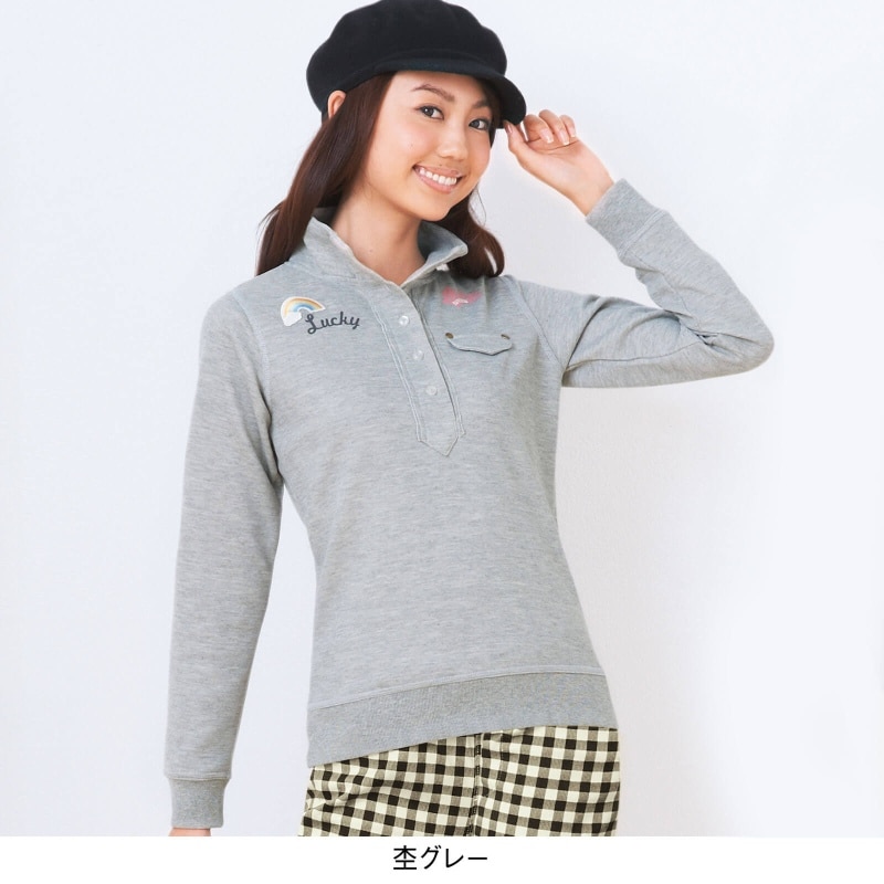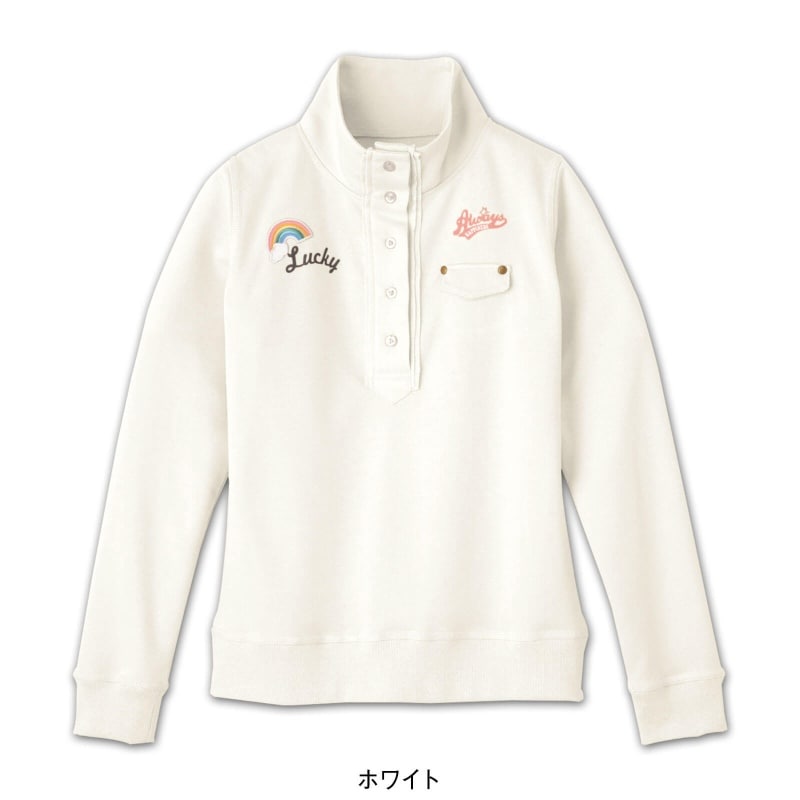 ハイネック長袖トレーナーの肩と胸にアメリカン調のロゴマークやレインボーのキュートなワッペンがポイント。
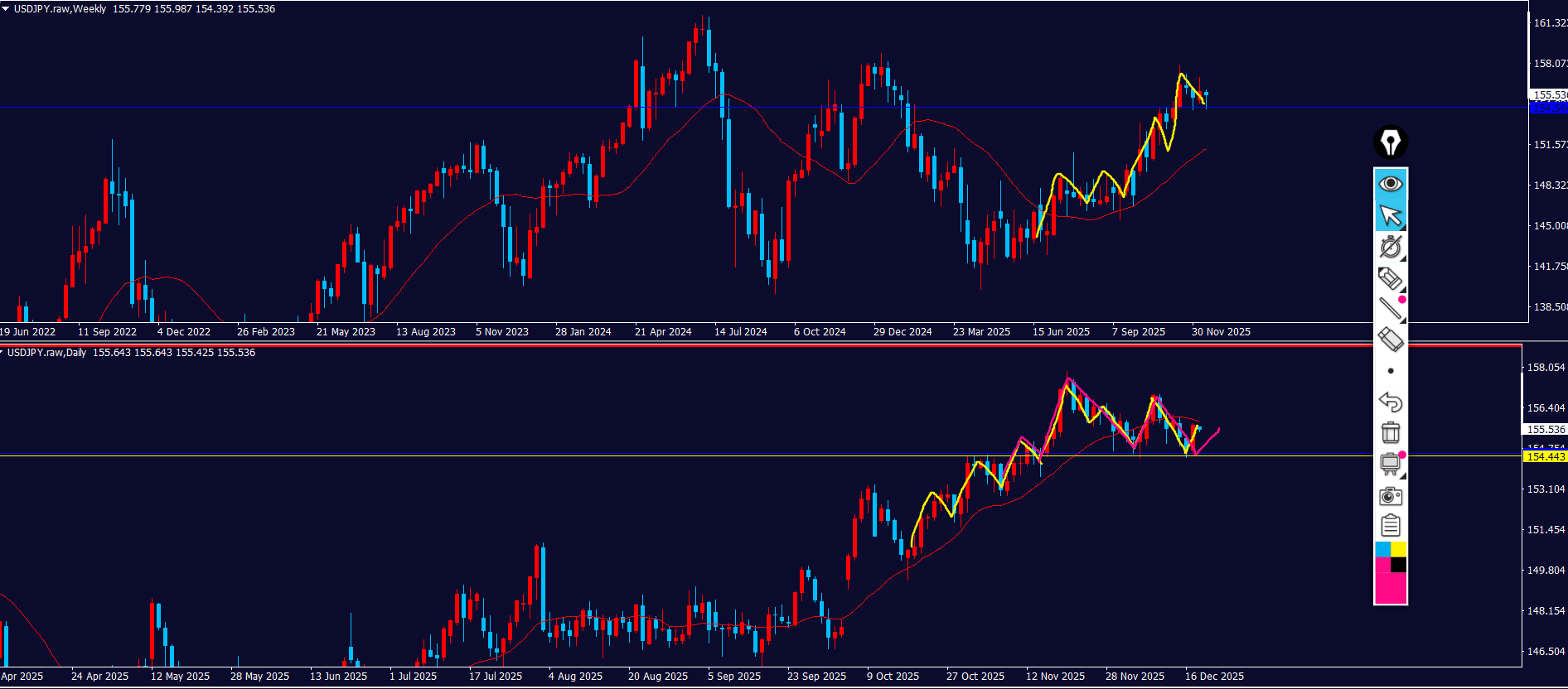 1hの上昇が弱まってきてるので、下降転換後に再度上昇トレンド転換していくところを狙っていくことになる。
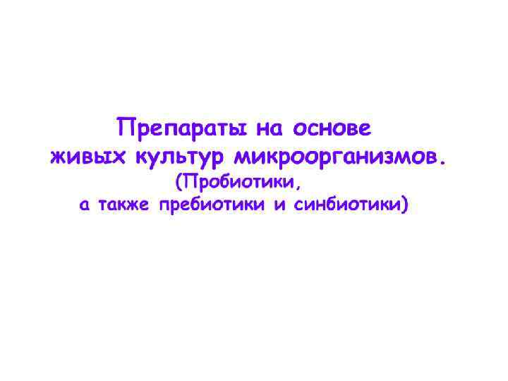 Пробиотики - биопрепараты по составу делятся на: • монокомпонентные • поликомпонентные • комплексные (синбиотики)
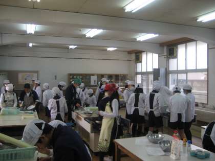 12/5(火)1,2時間目(6−1)・3,4時間目(6−2)に調理実習を行いました。
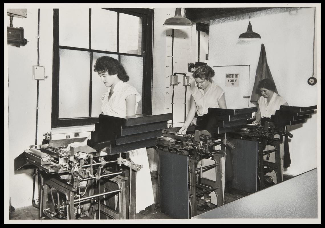Group photograph showing the staff of Smith's Potato Crisp Limited, Swansea, 1948. Mounted on card.
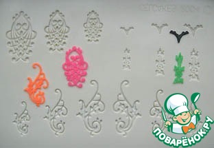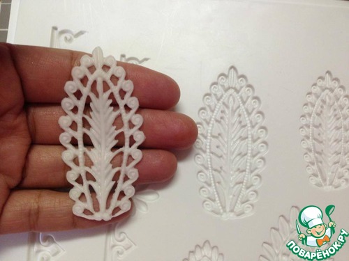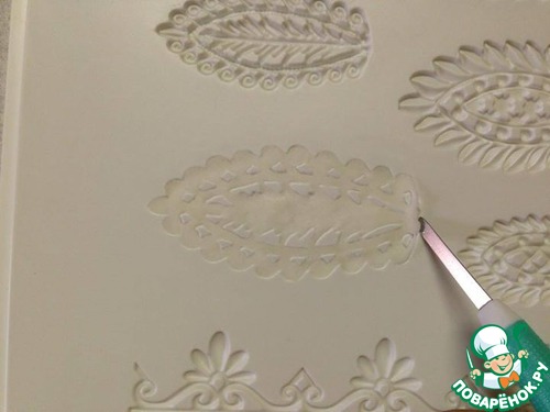 Мастику шпателем наносим на узор, а потом, приподымая иглой с разных сторон, аккуратно достаем
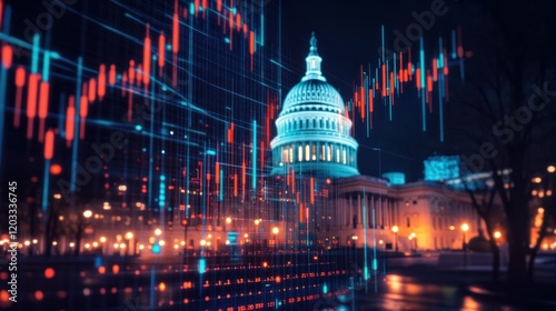 holographic, forex, chart, glowing, trade, line, trend, capitol, dome, night, finance, technology, investment, analysis, modern, innovation, datum, urban, skyline, light, economy, market, visualisation, strategy, software, digital, abstract, aglow, three-dimensional, vibrant, colours, futuristic, business, stock, ai, prediction, architecture, city landscape, performance, network, connection, global, currency

==================================================

## Work request:
The job is to return the listing above exactly, minus its pictures.

## Solution to this task:
 ハイネック長袖トレーナーの肩と胸にアメリカン調のロゴマークやレインボーのキュートなワッペンがポイント。
 1hの上昇が弱まってきてるので、下降転換後に再度上昇トレンド転換していくところを狙っていくことになる。
 Пробиотики - биопрепараты по составу делятся на: • монокомпонентные • поликомпонентные • комплексные (синбиотики)
 12/5(火)1,2時間目(6−1)・3,4時間目(6−2)に調理実習を行いました。
Group photograph showing the staff of Smith's Potato Crisp Limited, Swansea, 1948. Mounted on card.
 Мастику шпателем наносим на узор, а потом, приподымая иглой с разных сторон, аккуратно достаем
 holographic, forex, chart, glowing, trade, line, trend, capitol, dome, night, finance, technology, investment, analysis, modern, innovation, datum, urban, skyline, light, economy, market, visualisation, strategy, software, digital, abstract, aglow, three-dimensional, vibrant, colours, futuristic, business, stock, ai, prediction, architecture, city landscape, performance, network, connection, global, currency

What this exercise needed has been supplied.